Ab dem 10. April 2026 werden die Verbraucher einen kleinen Pfandbetrag - voraussichtlich etwa 0,10 € - auf Plastikflaschen und Aluminiumdosen zahlen. Dieser Betrag wird zurückerstattet, wenn die leeren Behälter an ausgewiesenen Sammelstellen oder Automaten abgegeben werden.
Das System, das als Pfandrückgabesystem (DRS) bezeichnet wird, wird landesweit und nicht nur in einer einzigen Stadt eingeführt und stellt eine der ehrgeizigsten Umweltmaßnahmen Portugals in den letzten Jahren dar.
Eine Änderung der Alltagsgewohnheiten
In der Praxis ist die Idee einfach: Man kauft ein Getränk, zahlt ein Pfand und erhält es zurück, wenn man die Verpackung zurückgibt. Aber hinter dieser Einfachheit steckt ein größeres Ziel - die Änderung langjähriger Gewohnheiten.
Anstatt Flaschen und Dosen in die Recyclingbehälter zu werfen, wird von den Menschen nun erwartet, dass sie diese unversehrt in Automaten zurückgeben, die sich häufig in Supermärkten und Einzelhandelsgeschäften befinden.
Das System gilt für Einweg-Getränkebehälter bis zu drei Litern, einschließlich Plastikflaschen und Metalldosen, jedoch nicht für Glas oder andere Materialien.
Tausende von Sammelstellen geplant
Damit das System landesweit funktioniert, baut Portugal ein großes Netz von Rücknahmestellen auf.

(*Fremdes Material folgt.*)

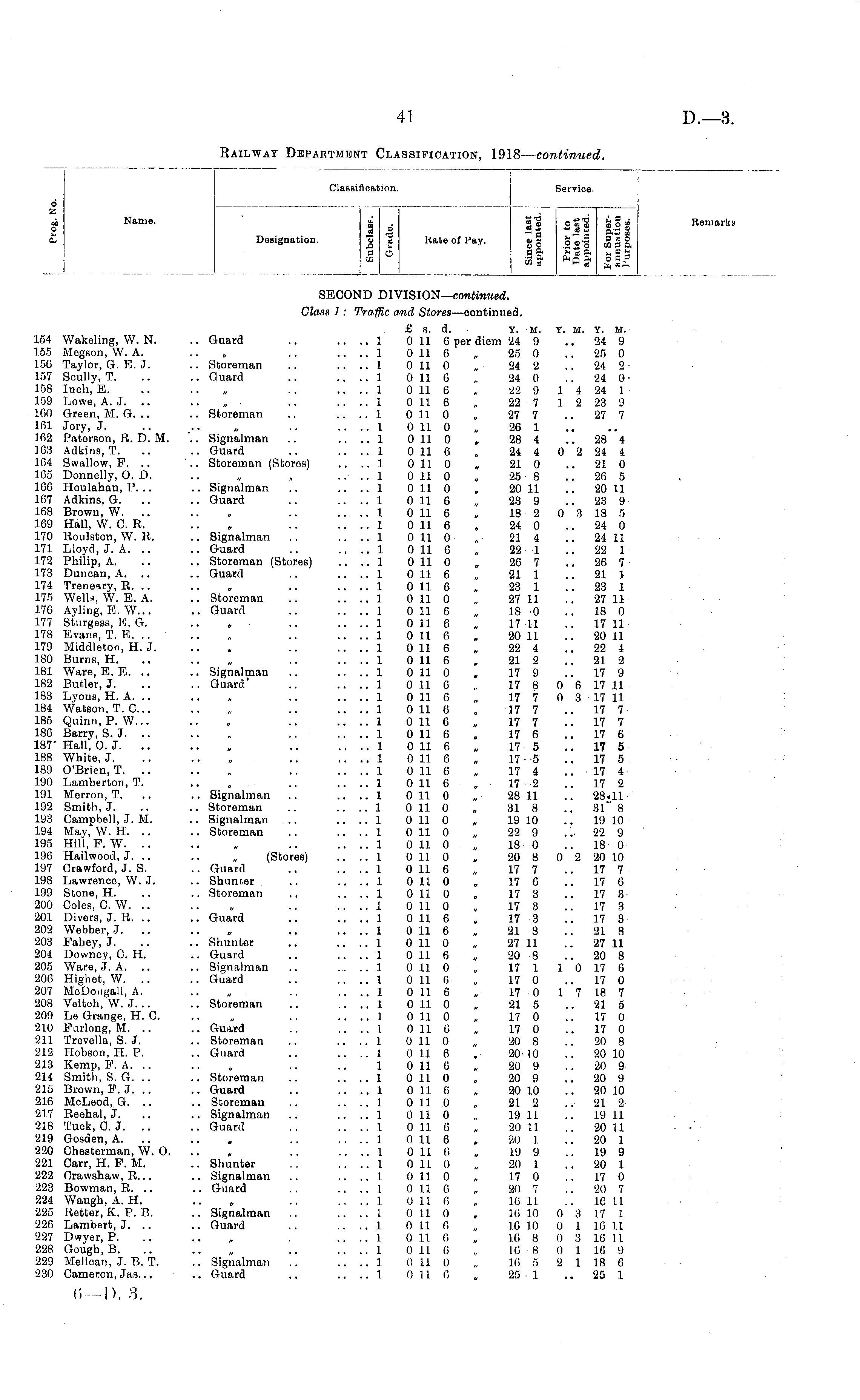d A A Name. p a. Classification. i ■ 5« Ss 9 d — _ , s iS — a Designation. u t Rate of Pay. •■3 Ss 8 |1 M to 3 ClaKsii i cation. 11 "™ a go a ft S 3 Service. ss"g i, O ■ S § 1 *.2 S S 1 £ 3 « o -2 8 o GO B fi, fa d to fa 3 fa ph q ft 5 a b M d Eh *i~i Service. si 8 fa ~ 3 -2 So X* °> 9^ ftp ft M d i, 3 . »-2S 0 Vt O co 0 a iM I a 3 a R( Remarks. ems lai ,rk ks. SECOND DIVISION— continued. Glass J : Traffic and Stores —continued. 154 Wakeling, W. N. 155 Megson, W. A. 156 Taylor, G. E. J. 157 Scully, T. 158 Inch, E. 159 Lowe, A. J. 160 Green, M. G. .. 161 Jory, J. 162 Paterson, R. D. M. 163 Adkins, T. 164 Swallow, F. .. 165 Donnelly, O. D. 166 Houlahan, P. .. 167 Adkins, G. 168 Brown, W. .. 169 Hall, W. C. R. 170 Roulston, W. R. 171 Lloyd, J. A. .. 172 Philip, A. 173 Duncan, A. .. 174 Treneiry, R. .. 175 Wolls, W. E. A. 176 Ayling, E. W... 177 Sturgess, K. G. 178 Evans, T. E. .. 179 Middleton, H. J. 180 Burns, H. 181 Ware, E. E. .. 182 Butler, J. 183 Lyons, H. A. 184 Watson, T. C... 185 Quinn.P. W... 186 Barrv, S. J. 187' Hall, O.J. .. 188 White, J. 189 O'Brien, T. .. 190 Lamberton, T. 191 Merron, T. 192 Smith, J. 193 Campbell, J. M. 194 May, W. H. 195 Hill, F. W. .. 196 Hailwood, J. .. 197 Crawford, J. S. 198 Lawrence, W. 3. 199 Stone, H. 200 Coles, 0. W. 201 Divers, J. R. .. 202 Webber, J. .. 203 Fahey, J. 204 Downev, 0. H. 205 Ware, j. A. 206 Highet, W. .. 207 MoDougall, A. 208 Veitch, W. J. .. 209 Le Grange, H. 0. 210 Furlong, M. .. 211 Trovolla, S. J. 212 Hobson, H. P. 213 Kemp, F. A. .. 214 Smith, S. G. .. 215 Brown, F. J. .. 216 McLeod, G. .. 217 Reehal, J. 218 Tuck, C. J. 219 Gosden, A. .. 220 Ghesterman, W. O. 221 Carr, H. F. M. 222 Crawshaw, R... 223 Bowman, R. .. 224 Waugh, A. H. 225 Retter, K. P. B. 226 Lambert, J. .. 227 Dwyer, P. 228 Gough, B. 229 Melican, J. B. T. 230 Cameron, Jas... £ s. d. y. m. .. Guard .. .... 1 0 11 0 per diem 24 9 .... 1 0 11 6 , 25 0 .. Storeman .. .... 1 0 11 0 „ 24 2 .. Guard .. .... 1 0 11 6 „ 24 0 .... 1 0 11 6 „ 22 9 .... 1 0 11 6 „ 22 7 .. Storeman .. .... 1 0 11 0 „ 27 7 .... 1 0 11 0 „ 26 1 .. Signalman .. .... 1 0 11 0 , 28 4 .. Guard .. .... 1 0 11 6 „ 24 4 .. Storeman (Stores) .... 1 0 11 0 „ 21 0 .... 1 0 11 0 „ 25 8 .. Signalman .. .... 1 0 11 0 „ 20 11 .. Guard .. .... 1 0 11 6 „ 23 9 1 0 11 6 „ 18 2 .... 1 0 11 6 „ 24 0 .. Signalman .. .... 1 0 11 0 „ 21 4 .. Guard .. .... 1 0 11 6 „ 22 1 .. Storeman (Stores) .... 1 0110 „ 20 7 .. Guard .. .... 1 0 11 6 „ 21 1 .... 1 0 11 6 „ 23 1 .. Storeman .. .... 1. OHO „ 27 11 .. Guard .. .... 1 0 11 6 „ 18 0 .... 1 0 11 6 „ 17 11 .... 1 0 11 6 „ 20 11 .... 1 0 11 6 , 22 4 .... 1 0 11 6 , 21 2 .. Signalman .. .... 1 0 11 0 „ 17 9 .. Guard' .. .... 1 0 11 6 ,. 1.7 8 .... 1 0 11 6 „ 17 7 .... 1 0 11 6 „ 17 7 .... 1 0 11 6 „ 17 7 .... 1 0 11 6 „ 17 6 .... 1 0 11 6 , 175 .... 1 0116 „ 175 .... 1 0 11 6 „ 17 4 .... 1 0 11 0 „ 17 2 .. Signalman .. .... 1 0 11 0 „ 28 11 .. Storeman .. .... 1 0 11 0 „ 31 8 .. Signalman .. .... 1 0 11 0 „ 19 10 .. Storeman .. .... 1 0 11 0 „ 22 9 .... 1 0 11 0 „ 18 0 (Stores) .... 1 0 11 0 . 20 8 .. Guard .. .... 1 0 11 0 „ 17 7 .. Shunter .. .... 1 0 11 0 „ 17 6 .. Storeman .. .... 1 0 11 0 „ 17 3 .... 1 0 11 0 „ 17 3 .. Guard .. .... 1 0 11 6 „ 17 3 .... 1 0 11 6 „ 21 8 .. Shunter .. .... 1 0 11 0 „ 27 11 .. Guard .. .... 1 0 11 6 „ 20 8 .. Signalman .. .... 1 0110 „ 171 .. Guard .. .... 1 0 11 6 „ 17 0 .... 1 0 11 G „ 17 0 .. Storeman .. .... 1 0 11 0 „ 21 5 .... 1 0 11 0 „ 17 0 .. Guard .. .... 1 0 11 6 „ 17 0 .. Storeman .. .... 1 0 11 0 „ 20 8 .. Guard .. .... 1 0 11 6 „ 20 10 1 0 11 6 „ 20 9 .. Storeman .. .... 1 0 11 0 „ 20 9 .. Guard .. .... 1 0 31 6 „ 20 10 .. Storeman .. .... 1 0 11 .0 „ 21 2 .. Signalman .. .... 1 0 11 0 „ 19 11 .. Guard .. .... 1 0 11 (1 „ 20 11 .... 1 0 11 6 » 20 1 .... 1 0 11 6 „ 19 9 .. Shunter .. .... 1 0 1.1 0 „ 20 1 .. Signalman .. .... 1 0 11 0 ,, 17 0 .. Guard .. .... 1 0 11 6 „ 20 7 .... 1 0 116 „ 1.6 11 .. Signalman .. .... 1 0 11 0 ,, 16 10 .. Guard .. .... 1 0 11 6 „ 1.0 10 .... 1 0 11 6 „ 16 8 .... 1 0 11 6 „ 16 8 .. Signalman .. .... 1 0 11 o „ 16 5 .. Guard .. .... 1 0116 „ 25 1 Y. M. Y. M. .. 24 9 25 0 24 2 24 0 ■ 1 4 24 1 1 2 23 9 27 7 '.'. 28*" 4 0 2 24 4. .. 21. 0 26 5 20 11 .. 23 9 0 3 18 5 24 0 .. 24 11 .. 22 1 .. 26 7 21 1 23 1 27 11 18 0 17 11 .. 20 11 22 4 .. 21 2 17 9 0 6 17 11 0 3 17 11 17 7 17 7 17 6 .. 17 5 .. 17 5 .. 17 4 17 2 .. 28.11 81 8 19 10 ..- 22 9 18 0 0 9 20 10 17 7 17 0 .. 17 3 17 3 .. 17 3 21 8 27 11 20 8 1 0 17 6 17 0 1 7 1.8 7 .. 21 5 17 0 17 0 20 8 20 10 20 9 20 9 .. 20 10 .. 21 2 19 11 20 11 20 1 19 9 20 1 .. 17 0 20 7 16 M 0 3 17 1 0 1 16 11 0 8 10 11 0 1 16 9 2 1 18 6 .. 25 1

Geplant sind rund 2 500 Automaten, an denen Flaschen und Dosen automatisch zurückgegeben werden können, sowie ein weitaus größeres Netz von manuellen Rückgabestellen in Geschäften, Cafés und anderen Unternehmen. In stark frequentierten Gebieten können auch spezielle Kioske zur Verfügung stehen, um eine höhere Nachfrage zu bewältigen.
In der Praxis bedeutet dies, dass die Rückgabe von Behältern relativ einfach sein sollte, ganz gleich, ob Sie Ihren Wocheneinkauf erledigen oder nur durch ein Stadtzentrum fahren. Supermärkte werden eine zentrale Rolle spielen, aber auch kleinere Einzelhändler und Gaststätten werden voraussichtlich beteiligt sein.
Umweltdruck hinter dem Umzug
Diese Entwicklung ist kein Einzelfall. Portugal steht unter wachsendem Druck, seine Recyclingleistung zu verbessern und die EU-Ziele zu erreichen, wo es traditionell hinter dem Durchschnitt zurückgeblieben ist.
Das Pfandsystem soll dies ändern. Die Regierung strebt an, bis 2029 eine Sammelquote von 90 % für Getränkeverpackungen zu erreichen - ein Wert, der das Land mit den europäischen Anforderungen in Einklang bringen würde.
Es wird auch eine breitere Wirkung erwartet. Weniger Abfälle, die auf Deponien landen, weniger Behälter, die in der Umwelt verloren gehen, und einige wirtschaftliche Auswirkungen, einschließlich neuer Arbeitsplätze im Zusammenhang mit Sammlung, Transport und Verarbeitung.
Ein schrittweiser Start
Die Einführung wird nicht auf einen Schlag erfolgen.
In der Anfangsphase werden nur bestimmte Container angenommen, die eindeutig als Teil des Systems gekennzeichnet sind. Dies soll sowohl den Unternehmen als auch den Verbrauchern Zeit geben, sich darauf einzustellen.
Im Laufe der Zeit wird das System auf alle in Frage kommenden Verpackungen ausgeweitet, wobei die vollständige Abdeckung voraussichtlich im Jahr 2026 erreicht sein wird.